INFORMATION SHOWN:
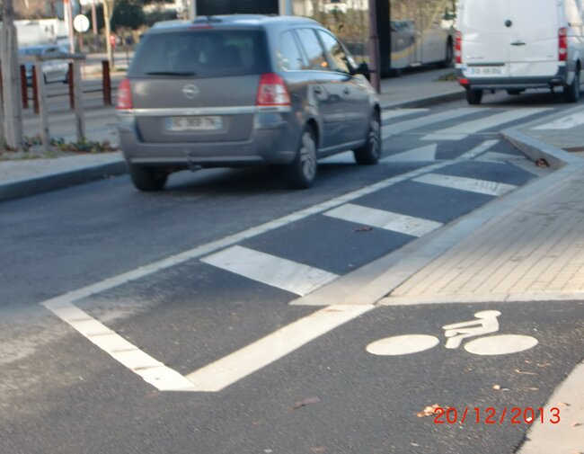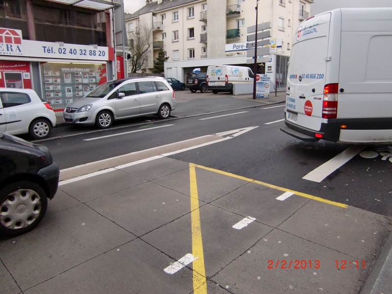 Cependant cela ne résoud pas le pas le problème de l’accès brutal sur la chaussée des vélos et sans visibilité si des véhicules sont stationnés, venant d’une mauvaise piste cyclable illégale sur trottoir !
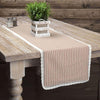 Show off beautiful hues of muted bronze green to create a dining table ensemble as delectable as your dinner. White scalloped lace gives a slight country French feel to the Kendra Stripe Green Runner 13x36.
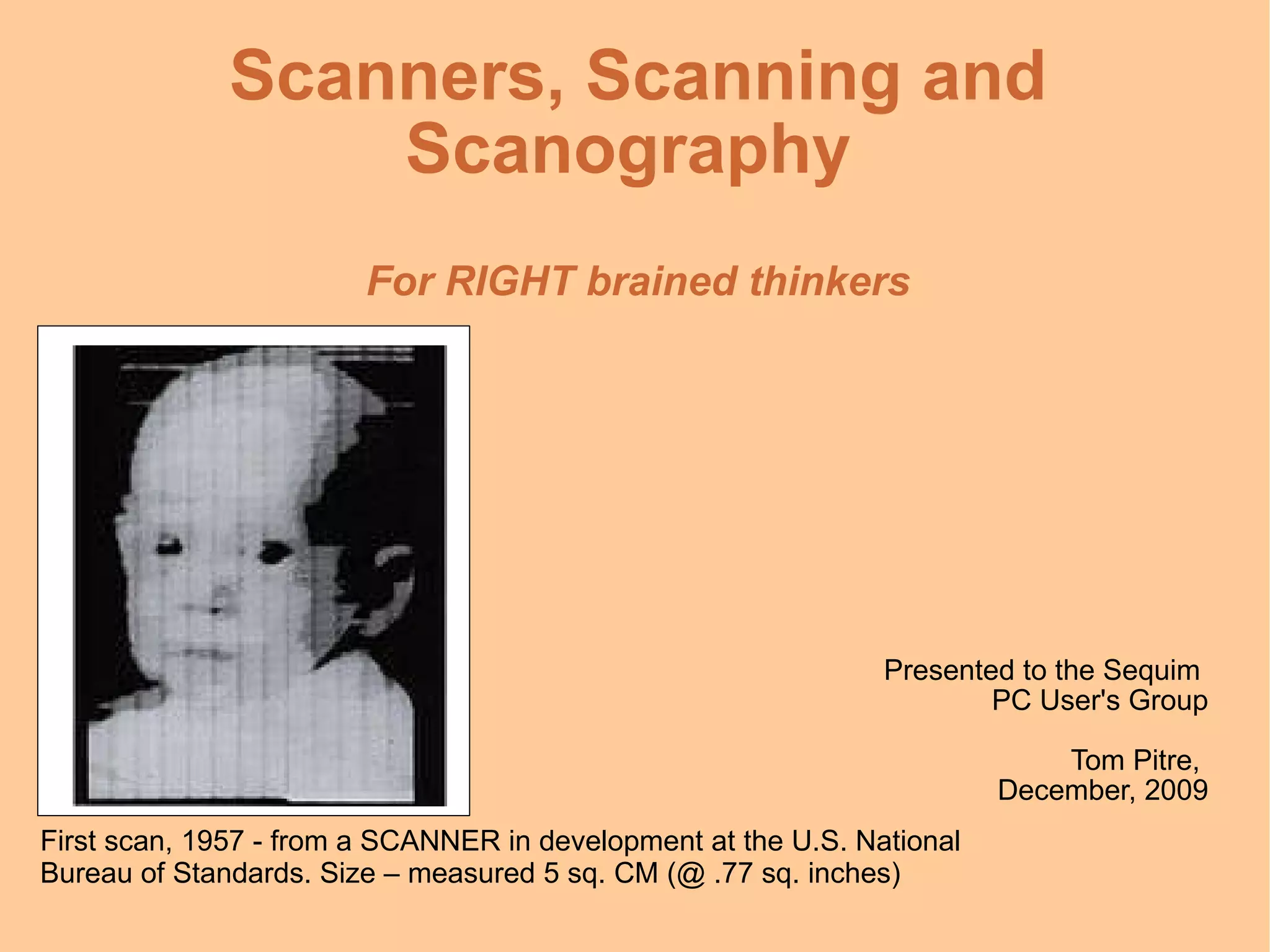 The document discusses various aspects of scanners, including their history, functionality, and different uses such as scanning documents, images, and objects. It provides technical insights into scanning resolutions, formats, and settings, as well as practical tips for effective scanning techniques. Additionally, it includes references and links for further information on scanning practices and recommendations.

TO DO:
Keep the pictures out while you retype all of the data above exactly as it appears.

ANSWER AREA:
 Cependant cela ne résoud pas le pas le problème de l’accès brutal sur la chaussée des vélos et sans visibilité si des véhicules sont stationnés, venant d’une mauvaise piste cyclable illégale sur trottoir !
 Show off beautiful hues of muted bronze green to create a dining table ensemble as delectable as your dinner. White scalloped lace gives a slight country French feel to the Kendra Stripe Green Runner 13x36.
 The document discusses various aspects of scanners, including their history, functionality, and different uses such as scanning documents, images, and objects. It provides technical insights into scanning resolutions, formats, and settings, as well as practical tips for effective scanning techniques. Additionally, it includes references and links for further information on scanning practices and recommendations.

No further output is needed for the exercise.